I'll use a good round number like 1,000. If you want to download that many pages from a single site, it's going to take a lot longer than if you want to download 1,000 pages that are spread out across dozens or hundreds of sites. The reason is that if you hit a single site with a whole bunch of concurrent requests, you'll probably end up getting blocked.
So you have to implement a type of "politeness policy," that issues a delay between multiple requests on a single site. The length of that delay depends on a number of things. If the site's robots.txt file has a crawl-delay
entry, you should respect that. If they don't want you accessing more than one page per minute, then that's as fast as you should crawl.
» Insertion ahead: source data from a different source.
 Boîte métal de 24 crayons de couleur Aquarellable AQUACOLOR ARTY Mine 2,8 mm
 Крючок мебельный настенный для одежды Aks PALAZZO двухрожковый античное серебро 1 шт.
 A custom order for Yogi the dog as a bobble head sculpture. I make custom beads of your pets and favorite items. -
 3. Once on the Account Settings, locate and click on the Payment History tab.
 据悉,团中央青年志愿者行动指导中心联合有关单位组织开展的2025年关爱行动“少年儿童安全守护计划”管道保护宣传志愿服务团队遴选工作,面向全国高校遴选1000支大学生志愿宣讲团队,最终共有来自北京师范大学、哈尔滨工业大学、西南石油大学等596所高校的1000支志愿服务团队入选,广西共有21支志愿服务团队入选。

If there's no crawl-delay
, you should base your delay on how long it takes a site to respond. For example, if you can download a page from the site in 500 milliseconds, you set your delay to X. If it takes a full second, set your delay to 2X. You can probably cap your delay to 60 seconds (unless crawl-delay
is longer), and I would recommend that you set a minimum delay of 5 to 10 seconds.
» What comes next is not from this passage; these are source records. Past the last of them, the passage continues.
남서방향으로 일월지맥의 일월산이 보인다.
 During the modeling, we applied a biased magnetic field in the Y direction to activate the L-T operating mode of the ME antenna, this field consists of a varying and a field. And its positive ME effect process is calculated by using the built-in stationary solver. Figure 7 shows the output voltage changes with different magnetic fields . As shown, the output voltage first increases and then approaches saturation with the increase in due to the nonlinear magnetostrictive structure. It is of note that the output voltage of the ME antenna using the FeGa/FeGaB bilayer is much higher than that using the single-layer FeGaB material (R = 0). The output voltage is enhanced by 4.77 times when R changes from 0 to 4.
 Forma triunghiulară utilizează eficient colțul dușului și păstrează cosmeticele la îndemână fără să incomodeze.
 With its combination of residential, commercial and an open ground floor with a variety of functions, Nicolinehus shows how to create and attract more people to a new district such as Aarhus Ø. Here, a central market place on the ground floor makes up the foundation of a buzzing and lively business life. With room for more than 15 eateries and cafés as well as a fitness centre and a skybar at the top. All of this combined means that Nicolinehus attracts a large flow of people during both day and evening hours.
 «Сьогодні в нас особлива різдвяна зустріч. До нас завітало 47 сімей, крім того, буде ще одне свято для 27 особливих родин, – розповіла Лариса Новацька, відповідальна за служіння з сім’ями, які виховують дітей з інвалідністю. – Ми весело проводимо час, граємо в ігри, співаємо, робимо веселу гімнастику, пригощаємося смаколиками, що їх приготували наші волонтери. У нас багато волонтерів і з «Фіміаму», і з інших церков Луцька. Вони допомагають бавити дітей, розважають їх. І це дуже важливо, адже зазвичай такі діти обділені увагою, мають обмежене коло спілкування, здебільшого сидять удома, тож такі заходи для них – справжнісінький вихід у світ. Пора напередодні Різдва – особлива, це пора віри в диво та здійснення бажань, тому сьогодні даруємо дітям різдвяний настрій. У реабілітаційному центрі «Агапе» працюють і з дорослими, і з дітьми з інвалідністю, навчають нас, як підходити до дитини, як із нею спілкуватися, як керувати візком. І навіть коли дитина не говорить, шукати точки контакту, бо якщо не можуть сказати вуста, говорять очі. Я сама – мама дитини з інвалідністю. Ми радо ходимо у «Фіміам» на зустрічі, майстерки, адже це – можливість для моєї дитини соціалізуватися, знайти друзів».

I wouldn't recommend using Parallel.ForEach
for this. My testing has shown that it doesn't do a good job. Sometimes it over-taxes the connection and often it doesn't allow enough concurrent connections. I would instead create a queue of WebClient
instances and then write something like:
// Create queue of WebClient instances
BlockingCollection<WebClient> ClientQueue = new BlockingCollection<WebClient>();
// Initialize queue with some number of WebClient instances
// now process urls
foreach (var url in urls_to_download)
{
var worker = ClientQueue.Take();
worker.DownloadStringAsync(url, ...);
}
When you initialize the WebClient
instances that go into the queue, set their OnDownloadStringCompleted
event handlers to point to a completed event handler. That handler should save the string to a file (or perhaps you should just use DownloadFileAsync
), and then the client, adds itself back to the ClientQueue
.
In my testing, I've been able to support 10 to 15 concurrent connections with this method. Any more than that and I run into problems with DNS resolution (`DownloadStringAsync' doesn't do the DNS resolution asynchronously). You can get more connections, but doing so is a lot of work.
That's the approach I've taken in the past, and it's worked very well for downloading thousands of pages quickly. It's definitely not the approach I took with my high performance Web crawler, though.
I should also note that there is a huge difference in resource usage between these two blocks of code:
WebClient MyWebClient = new WebClient();
foreach (var url in urls_to_download)
{
MyWebClient.DownloadString(url);
}
---------------
foreach (var url in urls_to_download)
{
WebClient MyWebClient = new WebClient();
MyWebClient.DownloadString(url);
}
The first allocates a single WebClient
instance that is used for all requests. The second allocates one WebClient
for each request. The difference is huge. WebClient
uses a lot of system resources, and allocating thousands of them in a relatively short time is going to impact performance. Believe me ... I've run into this. You're better off allocating just 10 or 20 WebClient
s (as many as you need for concurrent processing), rather than allocating one per request.